そんなに大きな村ではないと聞いていたが、それでも連なる山々の裾野に沿って広がる畑と家々に、リーザの目は自然と引きつけられた。
「リーザさま、遠いところをわざわざおいでいただき、ありがとうございます」
「いいえ、オットー。ご招待頂いて感謝いたします」
「早速で恐縮ですが、カリーン村の教会へご案内してもよろしいですか。今日は神様に今年の恵みを感謝する祭ですので、ぜひリーザさまにもお祈りを頂きたいのです」
「ええ、もちろんです」
「弟子が案内致しますので――リーザさまを、教会へ頼む。教会のあたりには、騎士団の方々が見回りをしてくださってますから、ご安心ください」
傍近くに控えていた青年が、オットーの声に呼ばれてやって来た。あの日、王城までやって来た青年のうちのひとりだ。「俺たちの王女さまなんかじゃねーよ」と言われたことを思い返す。

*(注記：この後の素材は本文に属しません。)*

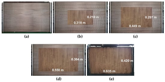 A layer of silty soil mixed with water, 2 mm thick, was applied to the front external heat exchange surface of the cooler, gradually covering 25%, 50%, 75%, and 100% of the surface (Figure 3). Proportional dimensions were calculated for individual percentage clogging of the cooler based on the width and height dimensions of the clean cooler, 0.635 m and 0.420 m, respectively. The cooler was clogged from the central axis towards the sides.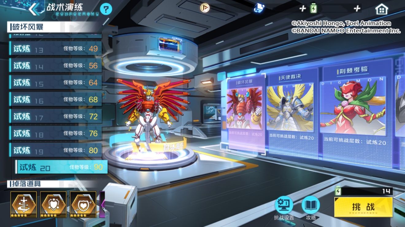 破坏风暴:该副本中,Boss拥有强大的攻击能力,在辅助角色释放奥义技后,会给Boss闪光暴龙兽增加狂暴状态,大幅度提升其攻击力。建议选用尼普顿兽、座天使兽、天女兽等游戏内带有驱散效果的数码宝贝,驱散增益便能防止被Boss一招击败。

顔を赤らめているのは、あのときの熱のこもった振る舞いを思い返しているからか、それとも、王女に対する怒りが続いているからだろうか――どちらにせよ胸が痛む。
自分がこの村の教会で祈ることを、この青年がどう感じるのか、それが不安だった。
「こちらです、リーザさま」
「おい、手足が一緒に出てるぞ、緊張しすぎだおめぇは」
「す、すみません親方!」
「仕方ねーっすよ親方! こいつは生まれてこの方、リーザさまみたいなきれいな女性をエスコートしたことなんてねーんですから! せいぜい家にいるこえー母ちゃんくらいでさぁ!」
オットーの叱咤と周りの人々のはやし立てる笑い声に、青年は顔を真っ赤にしながら素直に照れてみせた。
どうやら、この青年は自分を憎んで顔を赤らめていたわけではないらしい。
心の中で安堵しながら、修道院のものとも、王城のものともちがうあたたかさに、リーザは親しみを感じた。
「王女さま」
青年に連れられて背を向けたとき、ラードルフの声が聞こえた。
振り返ると、ラードルフがどこか心配そうな顔をしてこちらを見ていた。
初めて見る正式な甲冑姿に、リーザの胸はりんと鳴った。
「おひとりで、大丈夫ですか」
ああ、この人は、本当にただただとっても心配性なのだ。……もちろん、それは王家に対する忠誠のなせるわざで……それをわかってはいても、嬉しい気持ちだけは抑えることができない。
「ええ、大丈夫よ。どうぞ、為すべきことを為さってください」
「――わかりました。後でお迎えに上がります」
そう言って頭を下げるラードルフに見送られて、リーザは案内役の青年とともに足を進めた。